Days of infatuation!
I never pass that way now without thanking God for a misspent youth. Why
not make a fool of yourself? It is good fun while it lasts; it yields
mellow mirth for later years, and are not our fellow-creatures, those
solemn buffoons, ten times more ridiculous? Where is the use of
experience, if it does not make you laugh? The Logic of the
Intellect - what next! If any one had treated me to such tomfoolery while
standing there, petrified into a pillar of fidelity in that creeping
shadow, I should have replied gravely:
"The Logic of the Intellect, my dear Sir, is incompatible with
situations like mine. It was not invented for so stupendous a crisis.

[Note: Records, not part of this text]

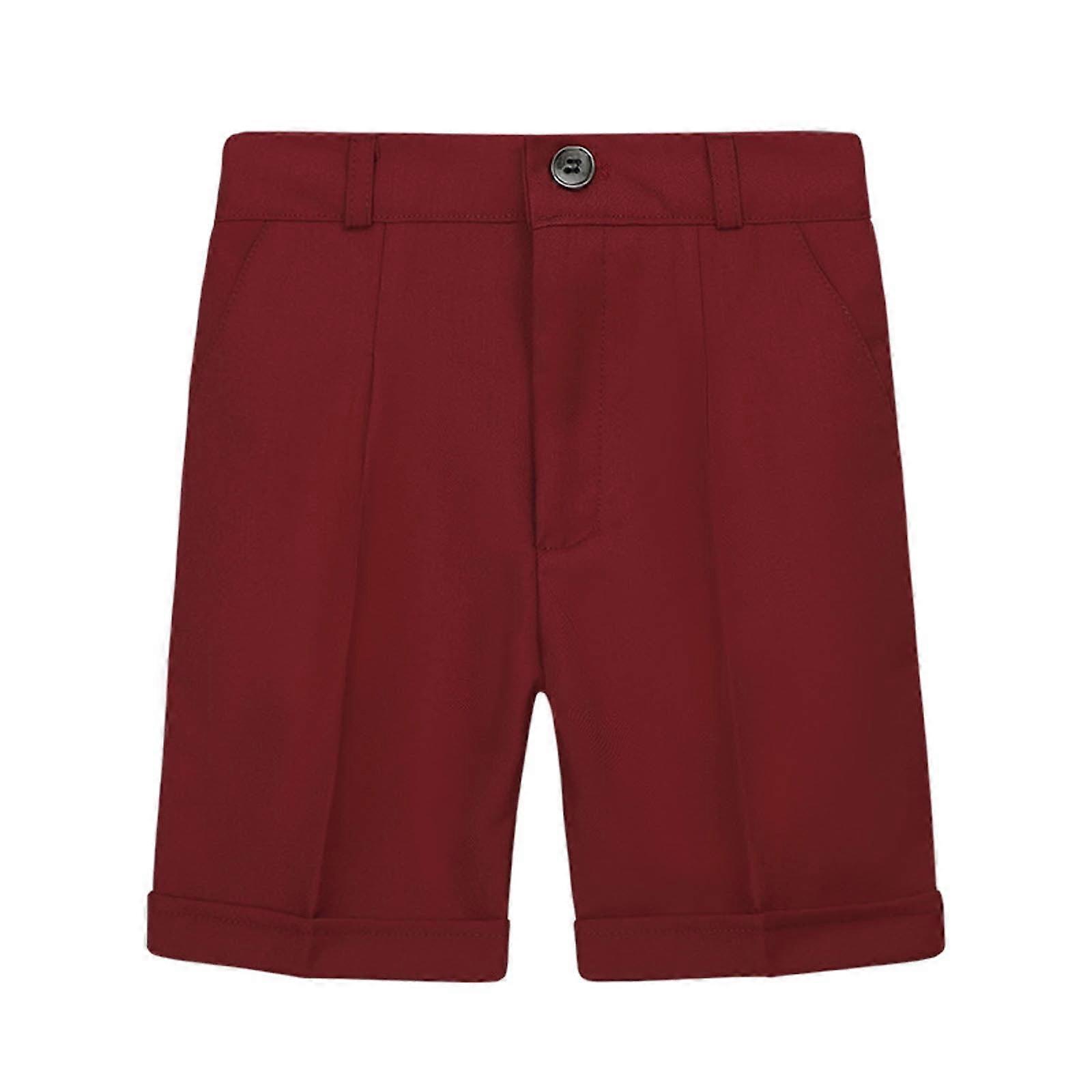 FAMTKT Big Boy's Flat Front Shorts Summer Cotton Classic Cute Solid Color Casual School Uniform Suit Shorts, Boys Pants( 2-3 Years, Wine )
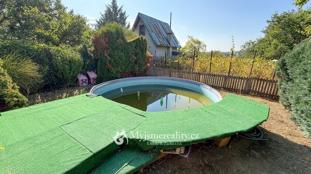 Tento pozemek spojuje klid přírody s pohodlím plně vybavené zahrady. Díky prostorné chatě, bazénu a pergole si zde vychutnáte pohodové letní večery, posezení s přáteli i relaxaci v soukromí. Vinice dodává místu jedinečné kouzlo a příležitost vychutnávat si vlastní víno přímo u zdroje.
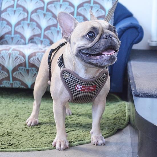 引きの強いフレンチブルのために身体をしっかりとサポートし、ワンちゃんにかかる負担を和らげる作りになっています。
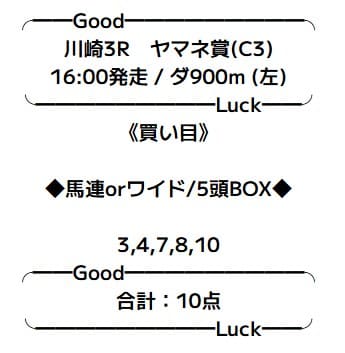 今回は地方競馬の予想となり、どのような展開となるのか楽しみです。買い目は、前レースと同様に本命をメインにある程度の穴馬を混ぜています。

I
am waiting for my negress - can't you understand? - and she is already
seven minutes late...."
A flaming morning, forestaste of things to come.

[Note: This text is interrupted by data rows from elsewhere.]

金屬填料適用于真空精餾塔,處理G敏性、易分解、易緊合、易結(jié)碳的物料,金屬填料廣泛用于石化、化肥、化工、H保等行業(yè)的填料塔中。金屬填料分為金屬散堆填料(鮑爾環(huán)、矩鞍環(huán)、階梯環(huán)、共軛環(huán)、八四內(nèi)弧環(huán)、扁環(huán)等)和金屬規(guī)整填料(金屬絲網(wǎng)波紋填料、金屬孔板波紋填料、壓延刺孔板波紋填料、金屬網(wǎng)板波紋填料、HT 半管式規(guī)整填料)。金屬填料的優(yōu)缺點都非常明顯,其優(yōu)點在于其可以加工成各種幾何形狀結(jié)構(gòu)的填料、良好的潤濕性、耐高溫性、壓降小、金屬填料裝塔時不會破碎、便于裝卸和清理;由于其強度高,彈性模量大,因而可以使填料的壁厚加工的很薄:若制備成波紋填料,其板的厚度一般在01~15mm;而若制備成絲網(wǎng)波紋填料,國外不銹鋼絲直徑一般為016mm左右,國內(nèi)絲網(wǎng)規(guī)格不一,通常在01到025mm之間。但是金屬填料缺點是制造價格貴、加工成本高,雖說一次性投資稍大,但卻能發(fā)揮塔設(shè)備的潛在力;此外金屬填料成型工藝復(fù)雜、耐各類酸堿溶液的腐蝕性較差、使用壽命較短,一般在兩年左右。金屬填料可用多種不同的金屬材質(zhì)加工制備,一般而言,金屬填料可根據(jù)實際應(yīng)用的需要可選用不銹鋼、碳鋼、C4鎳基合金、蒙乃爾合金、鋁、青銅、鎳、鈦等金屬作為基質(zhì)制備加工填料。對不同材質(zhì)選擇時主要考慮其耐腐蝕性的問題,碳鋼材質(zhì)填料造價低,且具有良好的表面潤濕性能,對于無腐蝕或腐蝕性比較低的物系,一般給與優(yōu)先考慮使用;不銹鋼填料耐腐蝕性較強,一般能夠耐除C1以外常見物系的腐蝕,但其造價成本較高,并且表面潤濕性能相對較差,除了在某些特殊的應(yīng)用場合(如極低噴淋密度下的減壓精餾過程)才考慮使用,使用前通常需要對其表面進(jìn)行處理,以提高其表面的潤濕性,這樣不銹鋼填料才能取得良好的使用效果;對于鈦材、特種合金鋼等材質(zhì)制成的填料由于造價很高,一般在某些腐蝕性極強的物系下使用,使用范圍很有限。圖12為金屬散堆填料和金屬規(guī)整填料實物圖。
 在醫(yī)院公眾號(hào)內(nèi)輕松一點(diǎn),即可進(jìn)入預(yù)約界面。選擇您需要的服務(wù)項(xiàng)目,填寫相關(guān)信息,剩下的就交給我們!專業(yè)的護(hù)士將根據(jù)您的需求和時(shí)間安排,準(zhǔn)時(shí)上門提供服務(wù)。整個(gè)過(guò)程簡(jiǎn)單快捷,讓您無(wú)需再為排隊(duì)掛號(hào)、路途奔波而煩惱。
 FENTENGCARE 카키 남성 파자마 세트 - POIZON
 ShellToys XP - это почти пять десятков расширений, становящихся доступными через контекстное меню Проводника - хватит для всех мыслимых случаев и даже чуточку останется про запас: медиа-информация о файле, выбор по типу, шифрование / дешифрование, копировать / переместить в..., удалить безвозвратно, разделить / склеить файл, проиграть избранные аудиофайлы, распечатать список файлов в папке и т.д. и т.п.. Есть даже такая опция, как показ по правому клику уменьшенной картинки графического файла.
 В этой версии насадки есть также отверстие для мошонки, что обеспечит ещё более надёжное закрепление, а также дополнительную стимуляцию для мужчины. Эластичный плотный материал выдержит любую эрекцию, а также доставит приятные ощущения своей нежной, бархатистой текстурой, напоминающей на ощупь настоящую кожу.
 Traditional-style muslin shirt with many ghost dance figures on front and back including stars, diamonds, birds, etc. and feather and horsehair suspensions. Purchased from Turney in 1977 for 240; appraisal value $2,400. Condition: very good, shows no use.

I find myself, after an early visit to the hospital where things are
doing well, glancing down, towards midday, into Trajan's Forum, as one
looks into some torrid bear-pit.
Broken columns glitter in the sunshine; the grass is already withered to
hay. Drenched in light and heat, this Sahara-like enclosure is
altogether devoid of life save for the cats. The majority are dozing in
a kind of torpor, or moribund, or dead. My experiences in the hospital
half an hour ago dispose me, perhaps, to regard this menagerie in a more
morbid fashion than usual. To-day, in particular, it seems as if all the
mangy and decrepit cats of Rome had given themselves a rendezvous on
this classic soil; cats of every colour and every age - quite young ones
among them; all, one would say, at the last gasp of life.